ASSALZOO, MEMORANDUM PER FUTURO MAIS ITALIANO. FILIERA COMPATTA SIGLA ACCORDO

È stato firmato oggi nella Capitale - a margine l’incontro Mangimi italiani: mais materia prima strategica, promosso e organizzato da Assalzoo (Associazione Nazionale tra i Produttori di Alimenti Zootecnici) - un MoU (Memorandum of Understanding) per rilanciare la filiera del mais italiano.

Firmatari - Messo a punto dell’Associazione dei mangimisti e condiviso con una larga componente della filiera, il MoU è stato firmato e sottoscritto dal presidente Assalzoo, Alberto Allodi, dal presidente di Assosementi, Giuseppe Carli, dal presidente di Confagricoltura, Massimiliano Giansanti, dal presidente Alleanza Cooperative Italiane Agroalimentare, Giorgio Mercuri, dal presidente regionale Cia Lombardia, Giovanni Draghetta, dal presidente Associazione maiscoltori italiani, Cesare Soldi e dal presidente Copagri, Franco Verrascina.

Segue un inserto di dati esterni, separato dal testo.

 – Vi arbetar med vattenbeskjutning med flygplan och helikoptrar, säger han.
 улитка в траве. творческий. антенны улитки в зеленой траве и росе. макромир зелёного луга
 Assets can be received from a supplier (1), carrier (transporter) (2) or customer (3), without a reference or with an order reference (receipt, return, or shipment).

Mais italiano - Il memorandum rappresenta un momento importante all’intero panorama agroalimentare italiano. Testimonia infatti una strategia complessiva di filiera che, nella presa d'atto della crisi produttiva di un materia prima fondamentale come il mais, non si ferma a una mera constatazione della situazione, ma sceglie una via operativa. Una visione complessiva che ha al centro delle azioni da mettere in atto un’idea forte e condivisa: rilanciare la produzione italiana, dare futuro al mais italiano – materia prima strategica per la zootecnia e per la filiera alimentare dei prodotti di origine animale.

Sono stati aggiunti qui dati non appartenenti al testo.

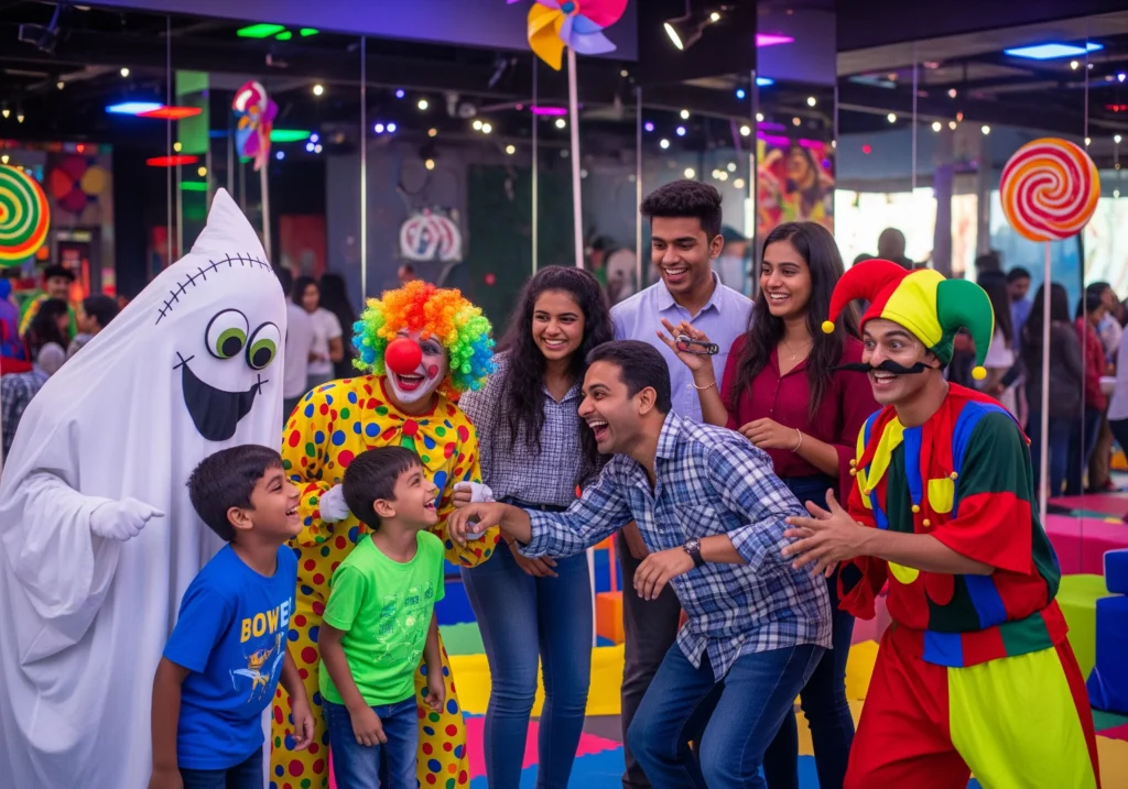 Meet cheerful performers and playful figures who bring humor to every corner.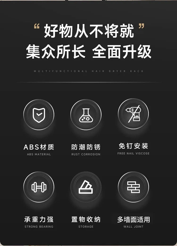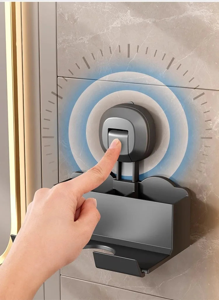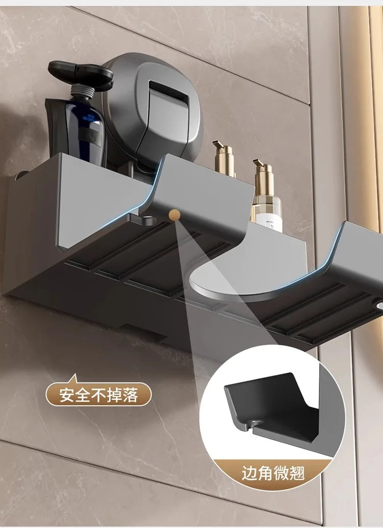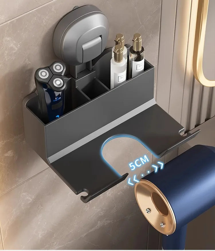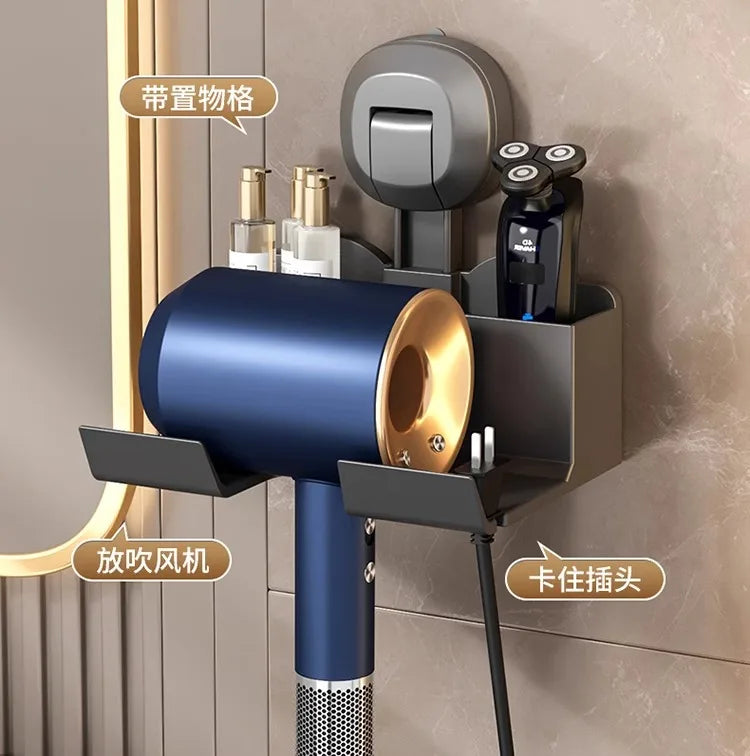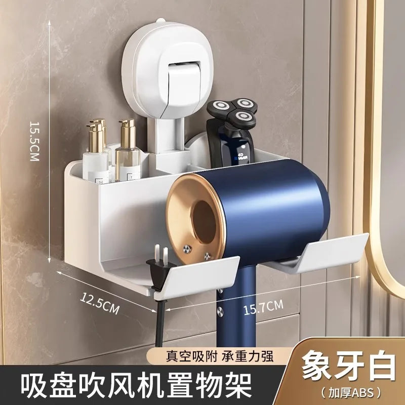 Halterung für Haartrockner, Aufbewahrungsregal mit Saugnapf, ohne Stanztoilette, Aufbewahrungsregal für das Badezimmer, Aufhänger für Haartrockner

Obiettivi – Nel memorandum vengono fissate delle finalità molto chiare, tutte legate alla promozione e all’utilizzo di prodotto italiano, coltivato in Italia, raccolto in Italia e utilizzato per prodotti della filiera zootecnia italiana. Tra le azioni previste, in particolare si evidenziano:

• la spinta all’approvvigionamento con mais di produzione nazionale per l'alimentazione animale;

• la promozione della domanda interna a favore del prodotto maidicolo nazionale;

• la creazione di strumenti contrattuali innovativi per favorire le relazioni commerciali tra gli agricoltori e i restanti attori della filiera.

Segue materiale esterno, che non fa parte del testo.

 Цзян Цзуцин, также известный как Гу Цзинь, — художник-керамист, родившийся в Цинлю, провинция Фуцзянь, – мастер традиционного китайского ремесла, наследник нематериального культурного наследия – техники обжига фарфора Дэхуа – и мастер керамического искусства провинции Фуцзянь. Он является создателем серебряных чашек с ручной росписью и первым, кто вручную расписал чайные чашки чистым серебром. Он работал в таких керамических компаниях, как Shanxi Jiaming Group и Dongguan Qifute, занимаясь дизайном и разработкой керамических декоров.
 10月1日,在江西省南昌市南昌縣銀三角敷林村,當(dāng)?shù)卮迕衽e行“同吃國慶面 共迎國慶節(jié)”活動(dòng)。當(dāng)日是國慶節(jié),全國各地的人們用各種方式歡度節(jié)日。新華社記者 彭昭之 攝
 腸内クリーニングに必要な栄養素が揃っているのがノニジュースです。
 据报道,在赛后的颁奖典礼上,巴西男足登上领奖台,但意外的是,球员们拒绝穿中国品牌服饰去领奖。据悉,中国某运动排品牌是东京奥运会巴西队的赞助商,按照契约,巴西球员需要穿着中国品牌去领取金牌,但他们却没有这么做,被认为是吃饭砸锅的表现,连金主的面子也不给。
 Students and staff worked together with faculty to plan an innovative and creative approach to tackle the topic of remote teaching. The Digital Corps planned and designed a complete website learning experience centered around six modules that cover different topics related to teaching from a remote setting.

MAIS, ALLEANZA COOPERATIVE SIGLA MEMORANDUM PER LA SALVAGUARDIA DELLA PRODUZIONE NAZIONALE

Anche il presidente dell’Alleanza cooperative Agroalimentari Giorgio Mercuri ha firmato oggi il Memorandum d’intesa per promuovere, sostenere e sviluppare il mais italiano proposto da Assalzoo nel corso dell’Assemblea svoltasi oggi a Roma. Il presidente Mercuri ha espresso “piena condivisione degli obiettivi e dei contenuti del Memorandum” che è stato sottoscritto da tutte le sigle intervenute all’Assemblea”.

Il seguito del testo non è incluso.